All I can say is I bought my TP not for WebOS, but in the expectation that someone would port Android. If that's why you bought yours, maybe that answers your question...

Good luck either way.


----------



## nevertells (Oct 29, 2011)

Bernardo7 said:


> Can't advise you what to do, but I installed CM7 on my touchpad, and then CM9, and I've never looked back. A few minor gripes (no VPN, I never managed to get the calendar to sync with Exchange, no microphone, and Netflix is perfectly usable but has minor bugs) but this is minimal compared to the pluses: All the apps (including Chrome), it's pretty solid, no crashes, no strange behavior, it's ICS and that's pretty sweet.
> 
> All I can say is I bought my TP not for WebOS, but in the expectation that someone would port Android. If that's why you bought yours, maybe that answers your question...
> 
> Good luck either way.


Like the wifi issue, some folks can't seem to beat it while others never see it. When I upgraded to CM9 Alpha 2, the TouchPad not charging happened to me one time, luckily, I caught it before it got too low. If you want to try CM again, you might want to stick with CM7 for a while until a more solid release of CM9 comes out. There were never any charging issues that I am aware of using CM7. You're not going to be missing a whole lot right now running CM7. Yeah, there are the CM9 fanboys who swear CM9 is so much better. However, I beg to differ. CM7 Alpha 3.5 is a great rom. It's stable, runs Netflix, YouTube and plays videos just fine. The camera and mic don't work just like CM9. Wifi can be finicky, but it's been that way all along. I'm one of the lucky ones who does not have wifi issues since changing my router channel to 6. If you decide to try CM9 again, pay close attention to when you charge your unit. Check it after 30 minutes of charging to see if the % has gone up. If it hasn't, try unplugging the usb cable and plug it back in, check again in 30 minutes. Be sure that MTP as been checked in settings. If all else fails, boot WebOS to charge up your unit. Charging on the Touchstone can be problematic. Better to use the wall charger. Don't let the charge get lower than 20%. Good luck!


----------



## leftovermagic (Sep 13, 2011)

Honest truth, aside from everyone here posting encouragement, is that it's your tablet and your money.
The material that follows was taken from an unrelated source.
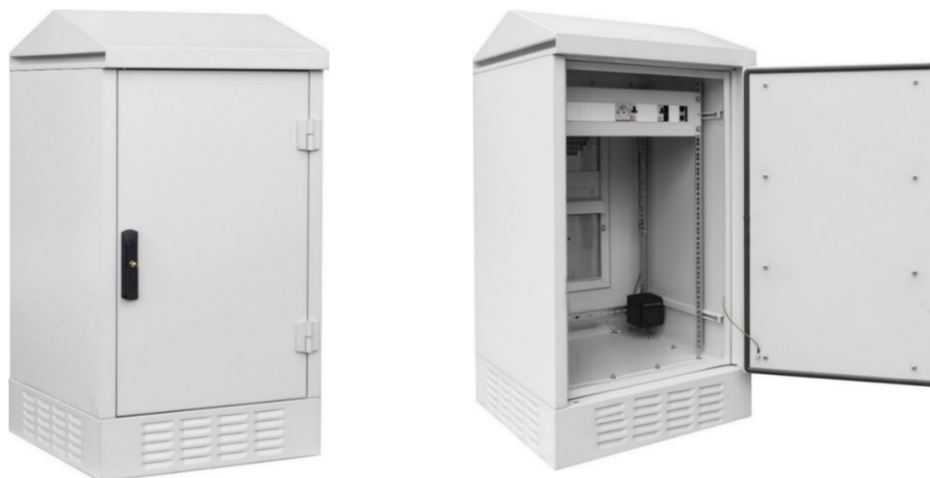
SZK-18U z klimatyzatorem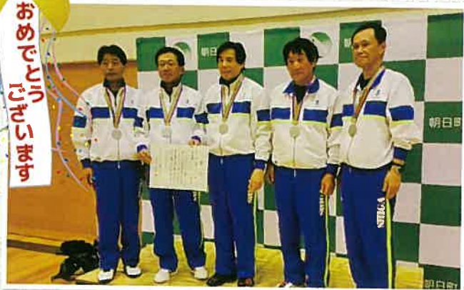
▲準優勝されたビーチボールの滋賀県選手の皆さん チームワークの良さで、準優勝という良い結果が残せました。ありがとうございました。 また、大会出場に際しまして、ご協力とご支援をいただきました関係者の皆様に、心より感謝申し上げます。

If you'd rather not risk loading android again, but really want to run android, I'd advise you to sell the TP and put the funding towards an official android tablet. Selling a 32gb touchpad would get you pretty close to a kindle fire, among other choices that will be coming out this summer.

Just my 2 cents.


----------



## ace9988 (Jan 18, 2012)

the best i prefered was cherrykang, works really well. Recommend you try


----------



## TrYp.MyNe (Dec 23, 2011)

thanks for all the responses everyone. I will add that I always use the HP supplied charger and it works great under web os but I guess android didn't play nice with charging even with mtp on. I'll try cm7 and cm9 to see how it performs may just of been aokp that messed it up. I'm all for nodding this device I just wanted to make sure I didn't do something wrong. Thanks again all!


----------



## dmgilfilen (Nov 10, 2011)

TrYp.MyNe said:


> Hey all,
> 
> I recently had flashed a touchpad with CM9 and then switched it over to AOKP, being as I've ran that on my Gnex and it runs great! My problem is, I flashed this touchpad, and other than some simple crashes, which are normal for beta/alpha software, one day it completely went dead and would not come back on. I'm sure lots of you have seen the stories, where touchpad is workign fine, but then even with all the button combinations and different chargers and such, touchpad still can't be brough back to life, and u ltimately end up in repair to fix the issue. I'm assuming it leads down to the battery getting so low of a charge that the charging system doesn't see it anymore, and won't power it up. I'm not sure what happens here, or if that's even the case, but I do know I just got my touchpad back after repair, and it's working fine, but I don't really want the whole dead touchpad thing to happen again, albeit knowing what I'm doing with installing Android on it. Do you all recommend anything in particular for running Android on the touchpad, or should I wait to run it again, or what? Love WebOS but Android has all the apps we like to use and it ran smooth other than a few bugs, and the death crash of it. Let me know guys, thanks.
> 
> Matt


Matt - CM7 and CM9 have not given me any trouble, so the switch to AOKP may have not gone well. If you are OK with leaving the TP on CM9, I'd recommend it. If not, let me know if you want to sell your TP! (grin) Seriously, good luck and don't let this set you against CM9 - WEBOS doctor can fix anything as long as you have power on the TP.


----------



## TrYp.MyNe (Dec 23, 2011)

Hey thanks dmgilfilen, I'll probably stick with CM9 since it seems to be the most basic and stable build from what I understand, I mean I know all the other builds are sparked off of the same repo tree, so any existing problems are piled on top of new bugs with different builds. I'm definitely keeping the TP, 99 dollars and sitting here for 6 hours hitting submit on each page then getting a gazillion error messages, was definitely worth it lol. The only problem I had this time was that the TP wouldn't charge no matter what, I literally was about to pop open and charge the battery manually since it was at fault. Just let it get to low, and that's what caused it to mess up, nothing about the bootloader or anything was corrupt, and I definitely gave webOS Doctor a try and it couldn't find the TP







other than the battery issue, I'll throw anything at the TP haha. I'm about to install CM9 again, since ICS is totally worth it. I'll let you all know how it goes, since first time install took about 30 mins







maybe it will take 15 or less this time


----------



## bridges86406 (Oct 16, 2011)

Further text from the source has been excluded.